The thunderbolt connection to the RTX 3090 is authorized as you can see here:

❯ sudo boltctl info c4010000-0070-740e-0362-00168691c921
[sudo] password for aemonge: 
 ● Cooler Master Technology,Inc MasterCase EG200
   ├─ type:          peripheral
   ├─ name:          MasterCase EG200
   ├─ vendor:        Cooler Master Technology,Inc
   ├─ uuid:          c4010000-0070-740e-0362-00168691c921
   ├─ dbus path:     /org/freedesktop/bolt/devices/c4010000_0070_740e_0362_00168691c921
   ├─ generation:    Thunderbolt 3
   ├─ status:        authorized
   │  ├─ domain:     69078780-60ab-fe2a-ffff-ffffffffffff
   │  ├─ parent:     69078780-60ab-fe2a-ffff-ffffffffffff
   │  ├─ syspath:    /sys/devices/pci0000:00/0000:00:0d.2/domain0/0-0/0-1
   │  ├─ rx speed:   40 Gb/s = 2 lanes * 20 Gb/s
   │  ├─ tx speed:   40 Gb/s = 2 lanes * 20 Gb/s
   │  └─ authflags:  boot
   ├─ authorized:    Wed 24 Jan 2024 06:49:10 AM UTC
   ├─ connected:     Wed 24 Jan 2024 06:49:10 AM UTC
   └─ stored:        Tue 23 Jan 2024 03:50:50 PM UTC
      ├─ policy:     iommu
      └─ key:        no

I really don’t care for the graphics, nor the RTX3090 to be loaded in the xorg nor the graphical interface. I just want it to be used as compute only workloads, and I have followed thouroly this arch wiki External GPU - ArchWiki

But givien that context, my nvidia-smi can’t seam to find the GPU:

❯ nvidia-smi -L
GPU 0: NVIDIA RTX A500 Laptop GPU (UUID: GPU-762410c2-1c0d-ef4a-89ac-91afd926381b)

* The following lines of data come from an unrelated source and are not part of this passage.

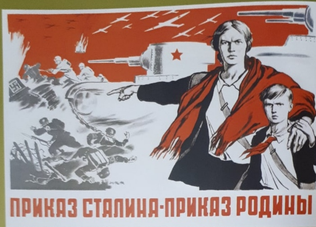
164 Владимир Серов. 1942 Vladimir Serov Stalin's Order is the Motherland's Order Leningrad-Moscow, 1942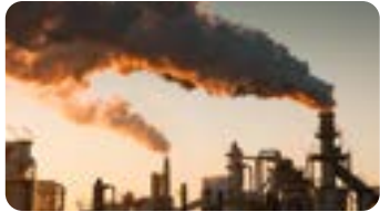
Public : Généralistes et autres spécialistes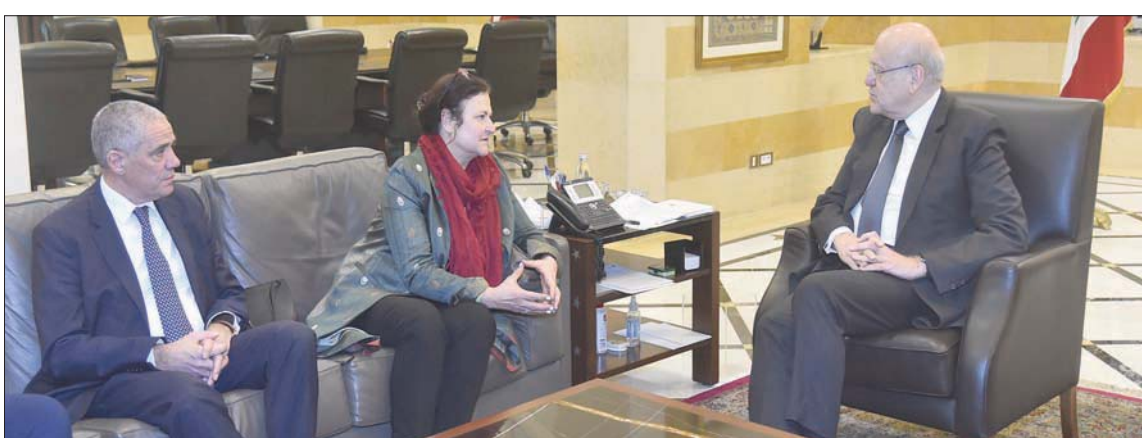
رئيس الوزراء اللبناني نجيب ميقاتي مجتمعاً مع المسؤولة الأوروبية مازنونفا أمس

بيروت، الشرق الأوسط أعلنت نائبة المدير العام والمسؤولة عن سياسة الجوار مع الشرق في المفوضية الأوروبية والمسؤولة عن تنمية القطاع الخاص كاترينا مازنونفا بعد لقائها أمس رئيس حكومة تصريف الأعمال اللبنانية نجيب ميقاتي، أن البحث تناول الخطوات المطلوبة لإطلاق اتفاق مع صندوق النقد الدولي. واستقبل ميقاتي أمس مازنونفا أمس ومعها سفير الاتحاد الأوروبي في بيروت والف طرف يرافقهما وفد ضم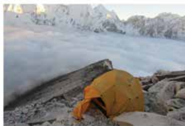
Sziklára lépjek vagy felhőre?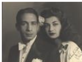
2071-11 ع اشرف پهلوي و همسر دومش احمد شفيق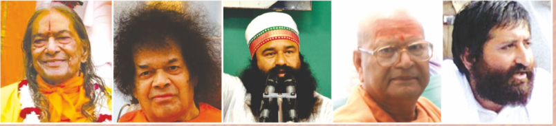
కృపాకుజ్జీ మహారాజ్ సత్యసాయి బాబా బాబా రామ్ హీమ్ స్వామీ కేశవానంద నారాయణ సాయి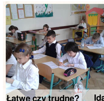
Łatwe czy trudne?

Nor can a simple python script, cuda-devices.py:

❯ cat cuda-devics.py
import torch

# Check if CUDA is available
if torch.cuda.is_available():
    print("CUDA is available.")
    # Get the number of CUDA devices
    num_devices = torch.cuda.device_count()
    print(f"Number of CUDA devices: {num_devices}")
    # Get the name of each CUDA device
    for i in range(num_devices):
        print(f"Device {i} name: {torch.cuda.get_device_name(i)}")
else:
    print("CUDA is not available.")
❯ python cuda-devics.py
CUDA is available.
Number of CUDA devices: 1
Device 0 name: NVIDIA RTX A500 Laptop GPU

❯ CUDA_VISIBLE_DEVICES="0,1,2" python cuda-devics.py

CUDA is available.
Number of CUDA devices: 1
Device 0 name: NVIDIA RTX A500 Laptop GPU

I have also tried with these three repositories GitHub - ewagner12/all-ways-egpu: Configure eGPU as primary under Linux Wayland desktops , GitHub - karli-sjoberg/gswitch and GitHub - hertg/egpu-switcher: 🖥🐧 Setup script for eGPUs in Linux (X.Org). To disable the internal GPU’s A500 and Iris Xe but it’s blaking (black screen).

generix · January 25, 2024, 9:28am

Please run nvidia-bug-report.sh as root and attach the resulting nvidia-bug-report.log.gz file to your post.

andres27 · January 25, 2024, 1:00pm

Hi @generix , this is the result. Thanks in advance

nvidia-bug-report.log.gz (463.3 KB)

generix · January 25, 2024, 1:47pm

RmInitAdapter failed! (0x26:0x56:1482)
Same as this:
https://forums.developer.nvidia.com/t/dont-enter-graphical-interface-after-installing-driver-on-ubuntu20-04/280097/2

andres27 · January 25, 2024, 1:52pm

Bios updates, are updated:

❯ sudo fwupdmgr get-updates
[sudo] password for aemonge: 
Devices with no available firmware updates: 
 • UEFI Device Firmware
 • Fingerprint Sensor
 • Integrated Camera
 • ThinkPad Universal ThunderBolt 4 Dock
 • USB3.0 Hub
 • USB4 Retimer
 • VMM6212
Devices with the latest available firmware version:
 • KXG8AZNV1T02 LA KIOXIA
 • ThinkPad Thunderbolt 4 Dock
No updates available

What do you mean by -open driver version? do you mean extra/nvidia-open 545.29.06-12 ?

generix · January 25, 2024, 1:53pm

exactly

andres27 · January 25, 2024, 2:01pm

Thanks!

It’s one step ahead. Now nvidia-smi -L does recognize the GPU !

❯ nvidia-smi -L
GPU 0: NVIDIA RTX A500 Laptop GPU (UUID: GPU-762410c2-1c0d-ef4a-89ac-91afd926381b)
GPU 1: NVIDIA GeForce RTX 3090 (UUID: GPU-9560a6c8-9dd9-59e3-70d7-05b9cb6bc495)

My python cuda script doesn’t though:

❯ python cuda-devics.py
CUDA is available.
Number of CUDA devices: 1
Device 0 name: NVIDIA GeForce RTX 3090

Only sees the stronger one.

But as far as nvidia support, I’m really happy !

Thanks a lot @generix !

generix · January 25, 2024, 3:01pm

Is CUDA_VISIBLE_DEVICES set to exclude one gpu?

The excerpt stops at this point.